At the committee meeting of 26th November Lyndon Brett presented a full report including the complete marketing history, listing why all the other sites weren’t suitable and why it was crucial not to have yet another town centre void. A Bridgwater Retail Initiative report showed that while the National average for voids was 14% Bridgwater was on 16%. Lyndon Brett added “the evidence clearly shows that the Council’s policy on controlling uses within the High Street is not working, nor is it advancing the BRI initiative to revitalise the Town Centre.”

Knocking on Tesco’s door

Lyndon Brett also pointed to the knock on effect of the Tesco Northgate development and the resulting pressure on the Town Centre where “retail space would be limited” in comparison to what would be on offer next to Tesco’s .

Cllr Brian Smedley
Cllr Brian Smedley

Cllr Smedley added, “The key to the problem now is that Tesco has changed the ballgame for the Town Centre and to expect sizeable High street retailers to even look at an area with diminishing footfall and without the floor space required means we need to adapt our policy to encourage a more mixed and experimental use of what space we have and that the worse thing we can do is leave them empty so that they get eventually end up as bookies or charity shops. The main worry now is that retailers will leave the centre for edge of town locations- a prime example of this recently is Argos. This ‘doughnut effect’ is a reality and we have to find ways to reverse it or we’ll just have a massive hole in the middle.”

Whilst Planning officers continued to hold out for an outright rejection based on the rigid application of D13 even they began to offer a way out by pointing to 3 key exceptions 1)that the property had been marketed but with no success 2)that there were no other suitable sites in the Town Centre and 3) Policy D11 could be met which supported a diverse town centre economy.

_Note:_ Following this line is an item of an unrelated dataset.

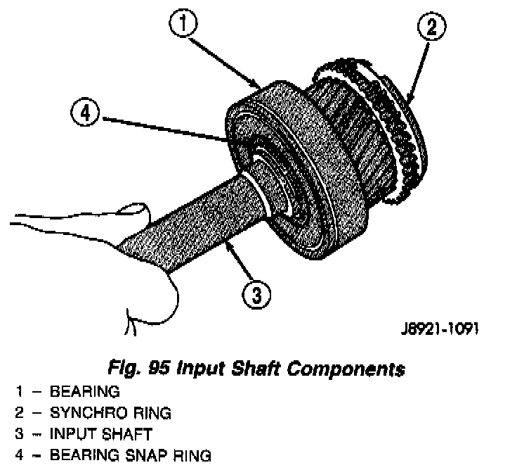 4. Remove the fourth gear synchronizer ring from the input shaft (Fig. 95).
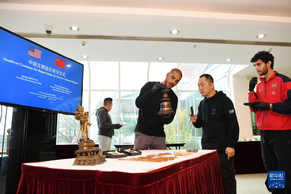 4月17日,在美国纽约中国驻纽约总领馆,工作人员点交中国流失文物艺术品。新华社记者 李睿 摄

The 15 Committee members from all over Sedgemoor District debated the pro’s and cons of the case and ended up split 7.7 leaving Chairman Bob Filmer (Con, Brent Knoll) to cast his second and deciding vote, rejecting the Jazz Cafe.

We Better Talk This Over

“To say people were angry is an understatement. SRL promotions already make a big contribution to the cultural life of this town and were prepared to take a big risk to support our town centre and members rejected this in favour of an empty shop and a failing policy.” Said Cllr Smedley “Social media instantly went viral with people expressing outrage at the Council’s decision, setting up petitions and urging SRL to resubmit and not accept the verdict”.

Cllr Smedley has urged SRL to resubmit and has called on the Corporate Scrutiny committee, of which he is the Chairman, to urgently look at Sedgemoors Town Centre Planning policy to ensure it is fit for purpose in the new circumstances that Bridgwater finds itself in.